PROMPT
For this task, output exactly the lines of the material below starting at the line with "Pokój rodzinny typu" and ending at the line with "descrizionela组"; pictures are to be excluded.

RECORDS TO USE
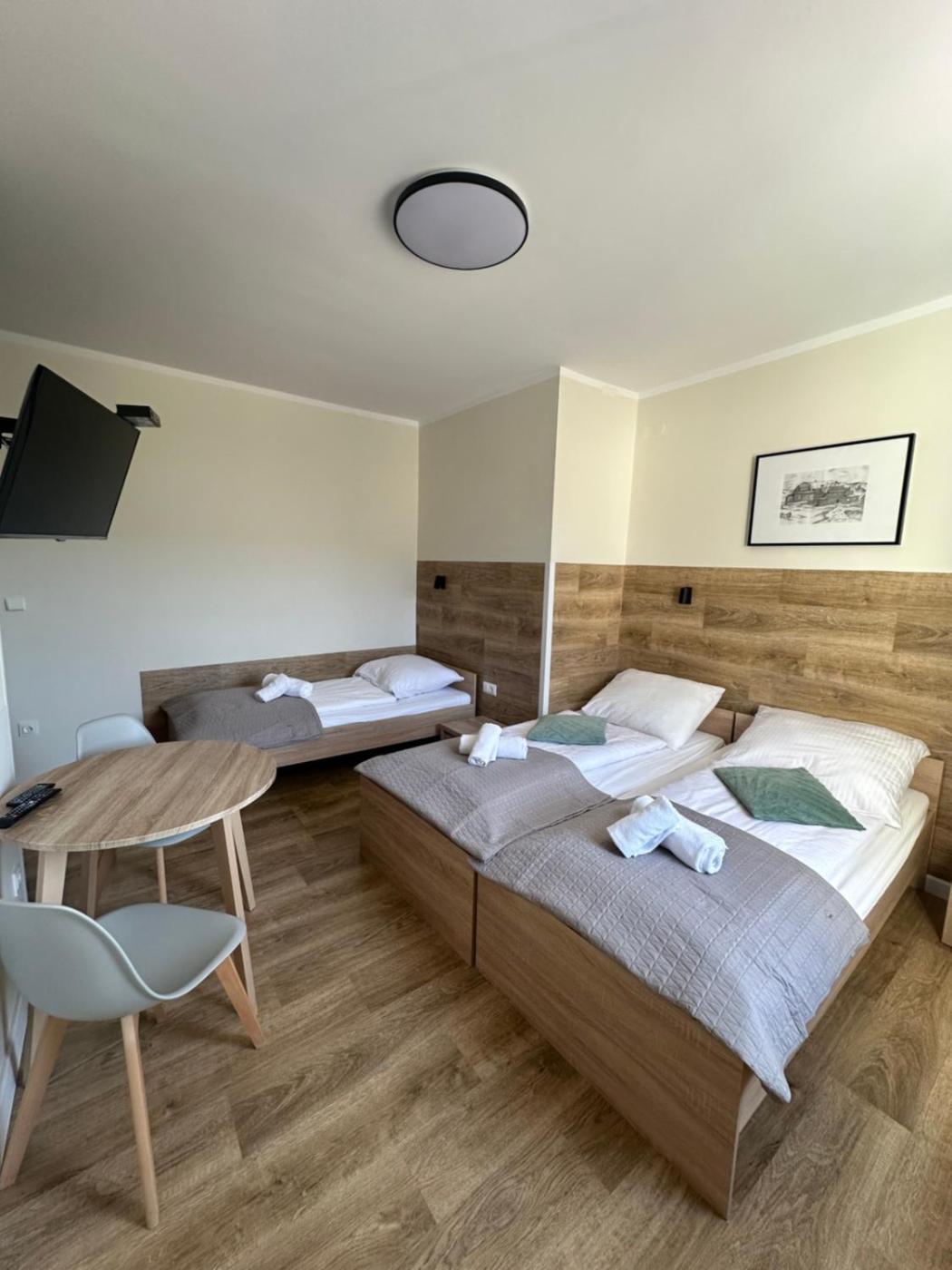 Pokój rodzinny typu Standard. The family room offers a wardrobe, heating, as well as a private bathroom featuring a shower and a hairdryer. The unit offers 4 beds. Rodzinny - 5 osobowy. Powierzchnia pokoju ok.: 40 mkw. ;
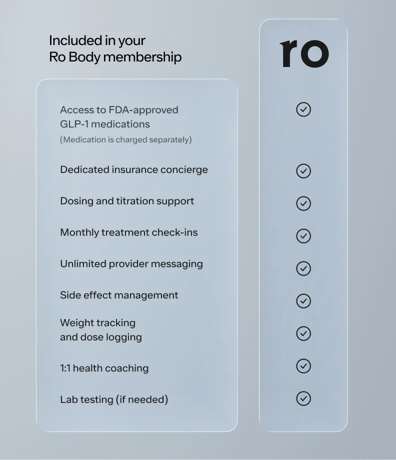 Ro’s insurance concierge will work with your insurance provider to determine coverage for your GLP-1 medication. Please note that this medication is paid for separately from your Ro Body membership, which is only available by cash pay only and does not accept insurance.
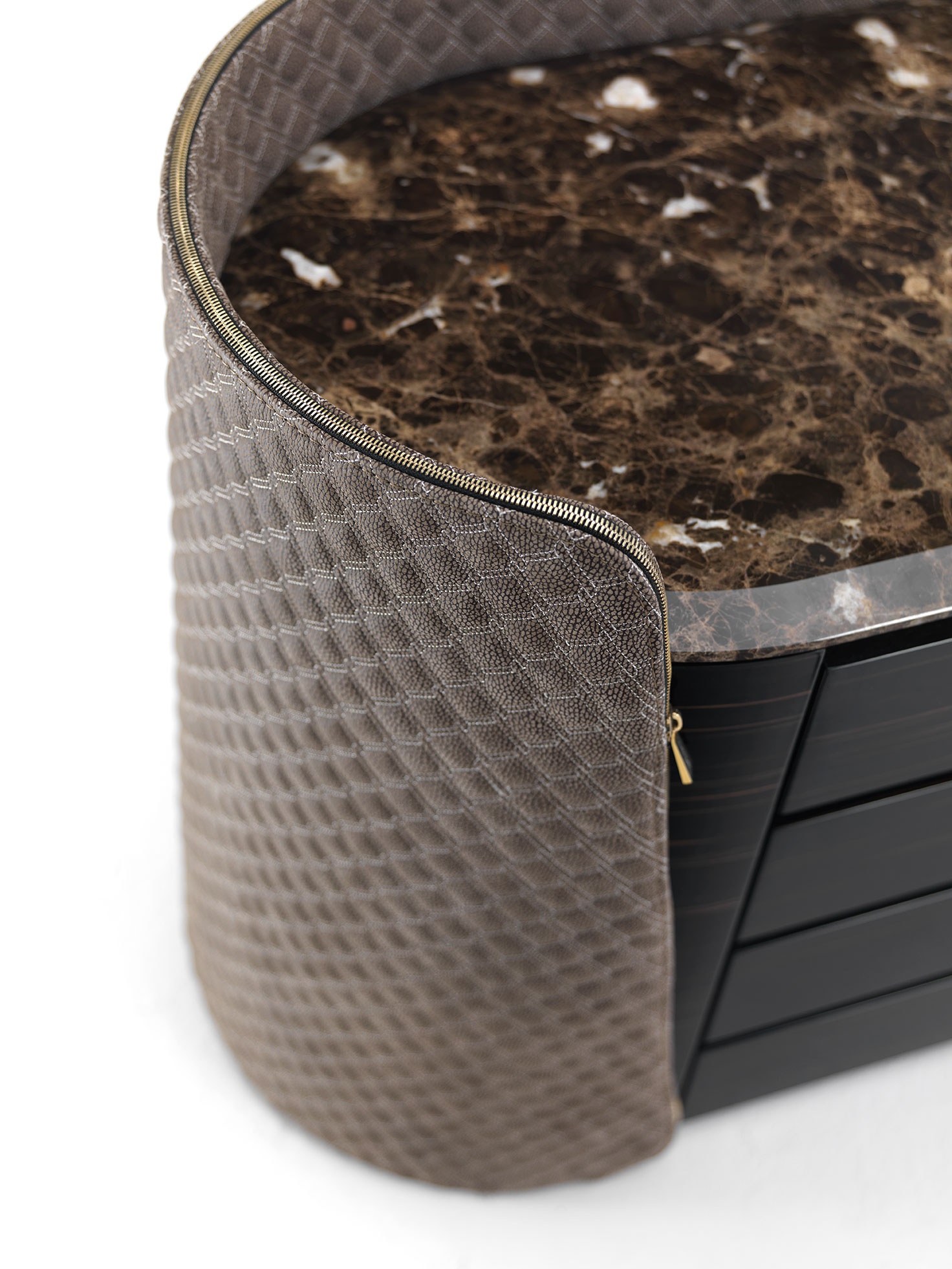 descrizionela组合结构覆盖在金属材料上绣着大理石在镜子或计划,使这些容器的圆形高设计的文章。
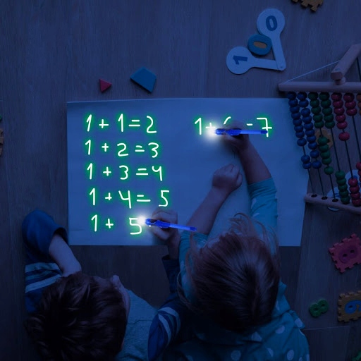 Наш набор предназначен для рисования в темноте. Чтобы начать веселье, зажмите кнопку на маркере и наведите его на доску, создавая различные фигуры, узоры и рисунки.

--

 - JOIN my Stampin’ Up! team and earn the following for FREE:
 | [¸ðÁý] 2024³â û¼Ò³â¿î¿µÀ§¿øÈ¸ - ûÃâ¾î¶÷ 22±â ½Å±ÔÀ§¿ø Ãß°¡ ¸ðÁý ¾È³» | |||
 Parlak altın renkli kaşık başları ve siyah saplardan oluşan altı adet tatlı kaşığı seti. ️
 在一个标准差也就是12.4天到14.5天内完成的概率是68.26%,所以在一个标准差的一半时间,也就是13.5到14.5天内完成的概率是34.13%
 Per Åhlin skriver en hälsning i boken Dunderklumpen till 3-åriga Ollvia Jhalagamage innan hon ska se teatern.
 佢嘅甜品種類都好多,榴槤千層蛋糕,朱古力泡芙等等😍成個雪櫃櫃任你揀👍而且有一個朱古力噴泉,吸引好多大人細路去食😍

---

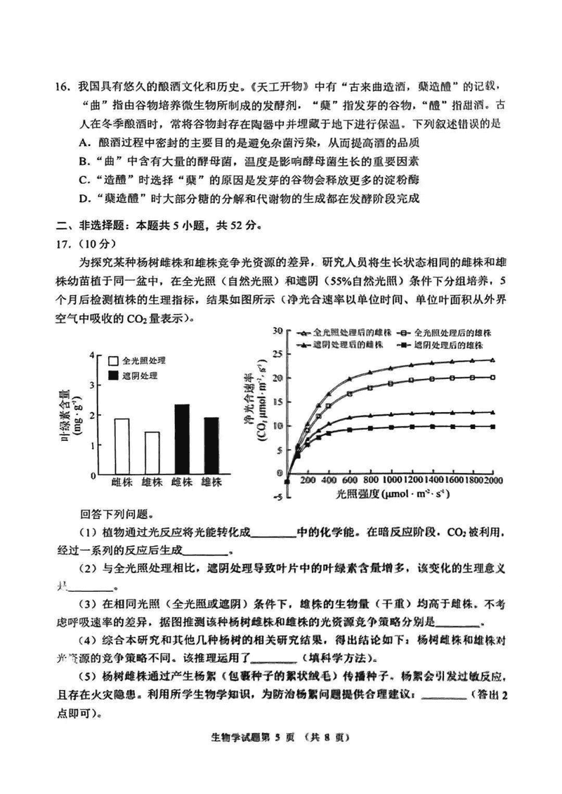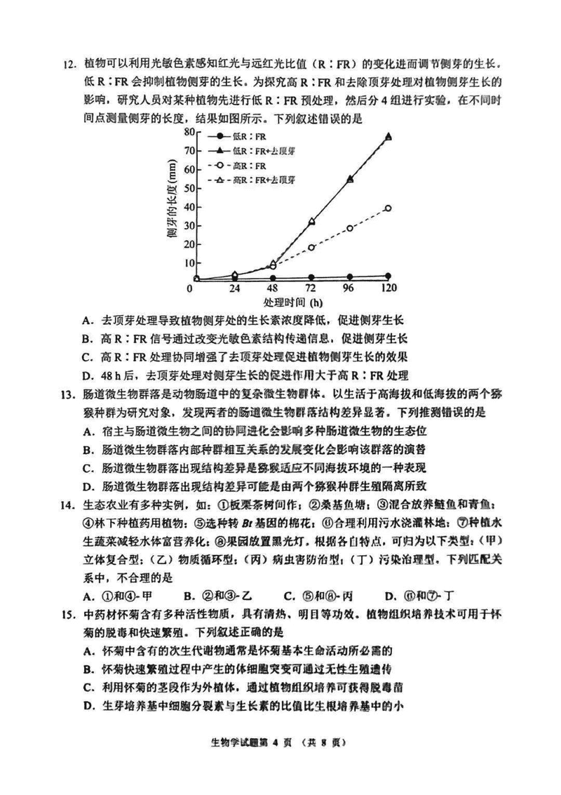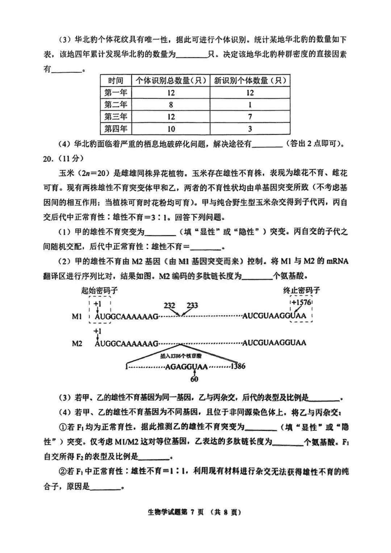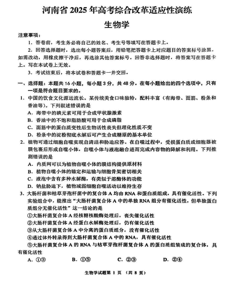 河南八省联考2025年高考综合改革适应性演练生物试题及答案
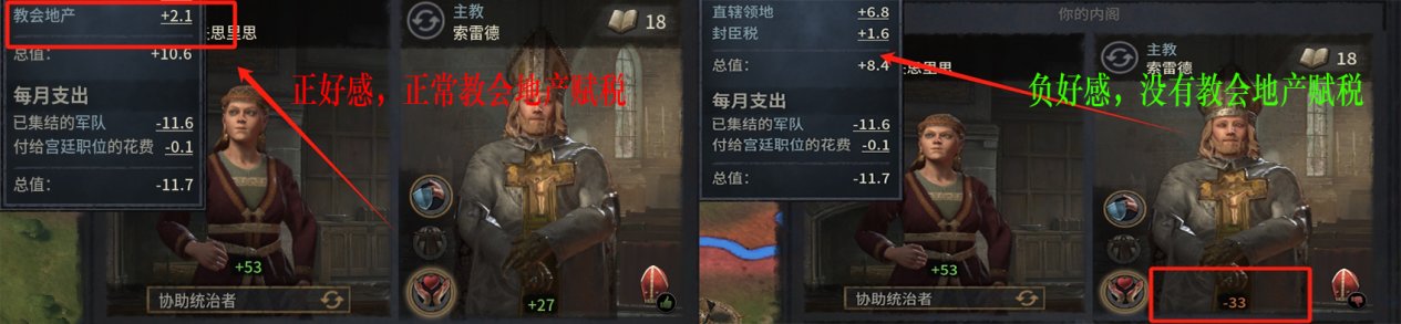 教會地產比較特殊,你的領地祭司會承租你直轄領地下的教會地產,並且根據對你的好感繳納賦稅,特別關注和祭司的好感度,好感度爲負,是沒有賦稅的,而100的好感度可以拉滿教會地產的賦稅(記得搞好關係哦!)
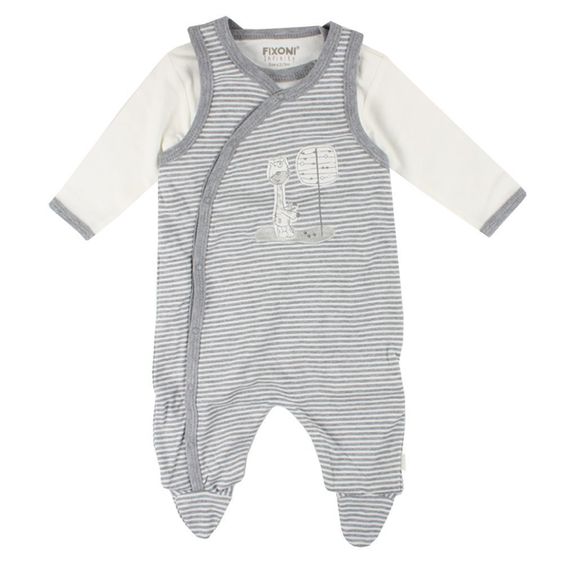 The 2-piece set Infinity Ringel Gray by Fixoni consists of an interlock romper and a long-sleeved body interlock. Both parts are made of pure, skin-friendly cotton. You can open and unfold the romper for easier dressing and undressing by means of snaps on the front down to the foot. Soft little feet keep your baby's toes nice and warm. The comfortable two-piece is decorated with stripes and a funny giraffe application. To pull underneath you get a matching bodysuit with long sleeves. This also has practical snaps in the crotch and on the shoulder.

SOLUTION BELOW
 Pokój rodzinny typu Standard. The family room offers a wardrobe, heating, as well as a private bathroom featuring a shower and a hairdryer. The unit offers 4 beds. Rodzinny - 5 osobowy. Powierzchnia pokoju ok.: 40 mkw. ;
 Ro’s insurance concierge will work with your insurance provider to determine coverage for your GLP-1 medication. Please note that this medication is paid for separately from your Ro Body membership, which is only available by cash pay only and does not accept insurance.
 descrizionela组合结构覆盖在金属材料上绣着大理石在镜子或计划,使这些容器的圆形高设计的文章。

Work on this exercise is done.